(Stored records)
□ □ □ □ □ □ □

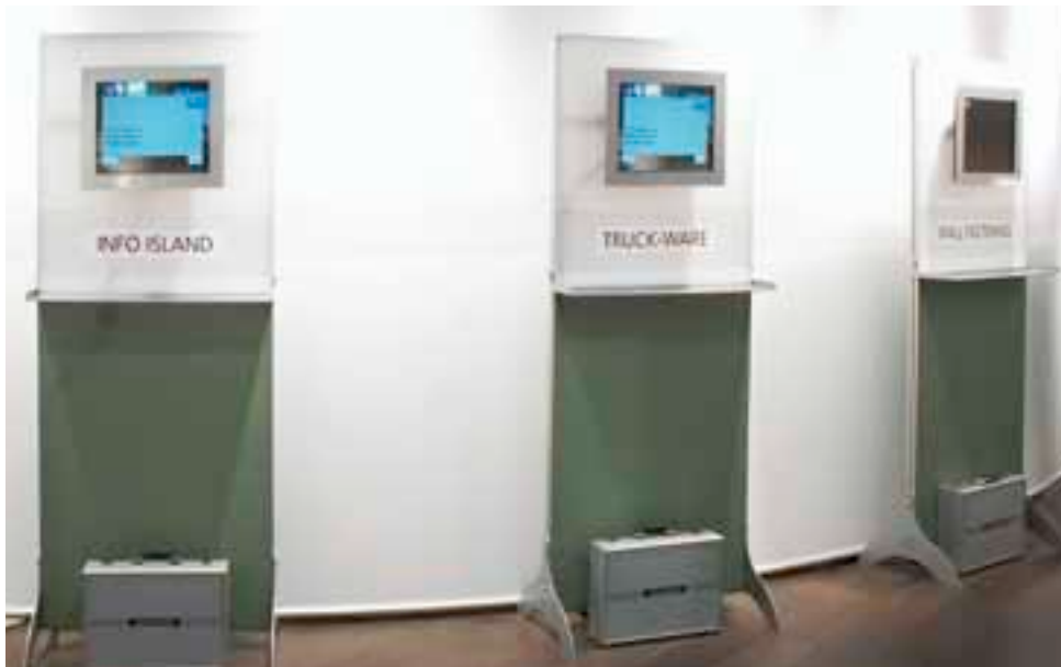
INFO-ISLAND zweiseitig / INFO-ISLAND double-sided, 800 x 2000
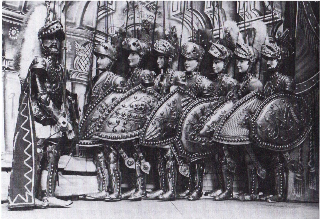
88 Consiglio cristiano. Pupi palermitani del teatro di Mimmo Cuticchio. Da sinistra verso destra: Carlomagno (di solito il sovrano sta invece a destra), Orlando, Rinaldo, Bradamante, Oliviero, Danese Uggieri, Astolfo, Gano di Maganza.

Slavnostní porada krále s jeho křesťanskými rytíři, z: Pasqualino Antonio, L'opera dei pupi , Palermo, Sellerio, 1977
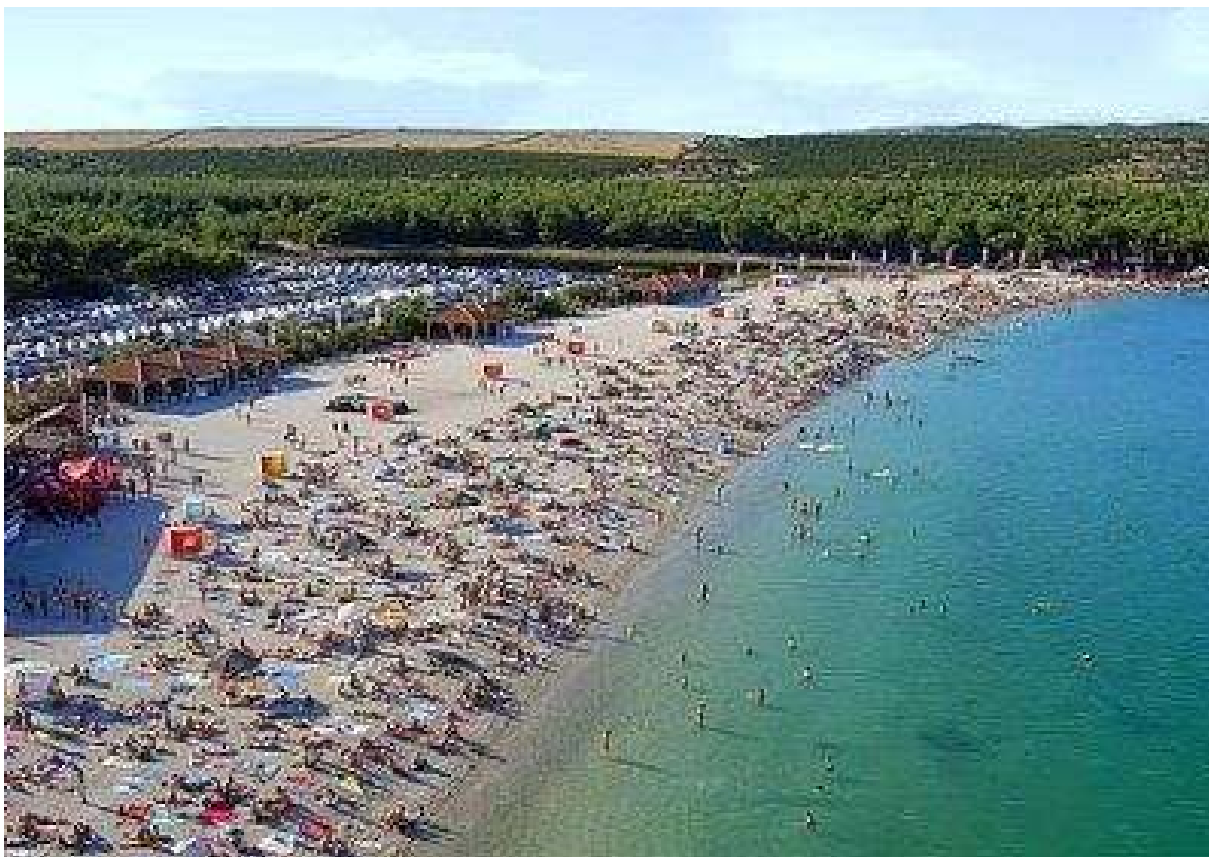
SLIKA 8 Plaža Zrće iz zraka

Zrće je kao lokacija idealna iz nekoliko razloga: iz godine u godinu bilježi se rast broja gostiju, smatra se glavnom party destinacijom na Jadranu, gosti dolaze iz zemalja gdje je pušenje nargile svakodnevna pojava itd.

□ □ □ □ □ □ □

§ **Exercise brief**: Starting at the line that holds "88 Consiglio cristiano.", print each line through the last one of the entries above, exactly and with both ends included; no pictures.

§ **Solution**:
88 Consiglio cristiano. Pupi palermitani del teatro di Mimmo Cuticchio. Da sinistra verso destra: Carlomagno (di solito il sovrano sta invece a destra), Orlando, Rinaldo, Bradamante, Oliviero, Danese Uggieri, Astolfo, Gano di Maganza.

Slavnostní porada krále s jeho křesťanskými rytíři, z: Pasqualino Antonio, L'opera dei pupi , Palermo, Sellerio, 1977
SLIKA 8 Plaža Zrće iz zraka

Zrće je kao lokacija idealna iz nekoliko razloga: iz godine u godinu bilježi se rast broja gostiju, smatra se glavnom party destinacijom na Jadranu, gosti dolaze iz zemalja gdje je pušenje nargile svakodnevna pojava itd.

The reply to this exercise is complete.